Set out exactly, line by line, the stretch of data below that begins at the line containing "右图为人体中枢神经系统的部分" and ends at the line containing "イルミネーションを背景にミニシャンパングラスタワーを撮るといい感じ!", with both ends kept.

» ENTRIES SUPPLIED

§ §

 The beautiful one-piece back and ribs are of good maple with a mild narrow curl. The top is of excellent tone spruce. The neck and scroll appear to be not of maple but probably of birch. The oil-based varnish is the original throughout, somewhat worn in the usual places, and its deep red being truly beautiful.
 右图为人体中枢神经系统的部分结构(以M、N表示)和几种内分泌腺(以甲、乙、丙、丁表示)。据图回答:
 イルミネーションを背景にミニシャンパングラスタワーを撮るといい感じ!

§ §

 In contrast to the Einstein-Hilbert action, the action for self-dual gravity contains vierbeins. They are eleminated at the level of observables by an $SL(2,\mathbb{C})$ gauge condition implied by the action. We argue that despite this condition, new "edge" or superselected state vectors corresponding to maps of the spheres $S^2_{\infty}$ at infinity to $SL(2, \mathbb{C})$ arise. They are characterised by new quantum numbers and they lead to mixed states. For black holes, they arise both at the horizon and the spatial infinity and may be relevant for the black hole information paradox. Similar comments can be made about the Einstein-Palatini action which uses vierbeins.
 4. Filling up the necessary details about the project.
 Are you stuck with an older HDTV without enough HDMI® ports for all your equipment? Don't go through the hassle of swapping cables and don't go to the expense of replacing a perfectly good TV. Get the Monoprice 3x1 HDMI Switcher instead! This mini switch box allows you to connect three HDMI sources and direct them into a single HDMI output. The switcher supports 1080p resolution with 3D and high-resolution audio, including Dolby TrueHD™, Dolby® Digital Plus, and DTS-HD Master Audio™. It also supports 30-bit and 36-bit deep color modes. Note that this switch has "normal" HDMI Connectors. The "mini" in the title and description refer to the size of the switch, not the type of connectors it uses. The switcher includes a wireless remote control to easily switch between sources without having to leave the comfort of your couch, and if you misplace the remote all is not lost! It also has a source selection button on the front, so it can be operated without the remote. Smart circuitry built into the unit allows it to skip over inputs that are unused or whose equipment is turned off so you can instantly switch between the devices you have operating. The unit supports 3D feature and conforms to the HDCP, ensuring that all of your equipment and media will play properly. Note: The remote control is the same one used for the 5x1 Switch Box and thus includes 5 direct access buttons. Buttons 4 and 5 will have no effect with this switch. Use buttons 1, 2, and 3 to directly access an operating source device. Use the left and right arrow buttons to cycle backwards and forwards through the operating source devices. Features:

§ §

» ANSWER BELOW
 右图为人体中枢神经系统的部分结构(以M、N表示)和几种内分泌腺(以甲、乙、丙、丁表示)。据图回答:
 イルミネーションを背景にミニシャンパングラスタワーを撮るといい感じ!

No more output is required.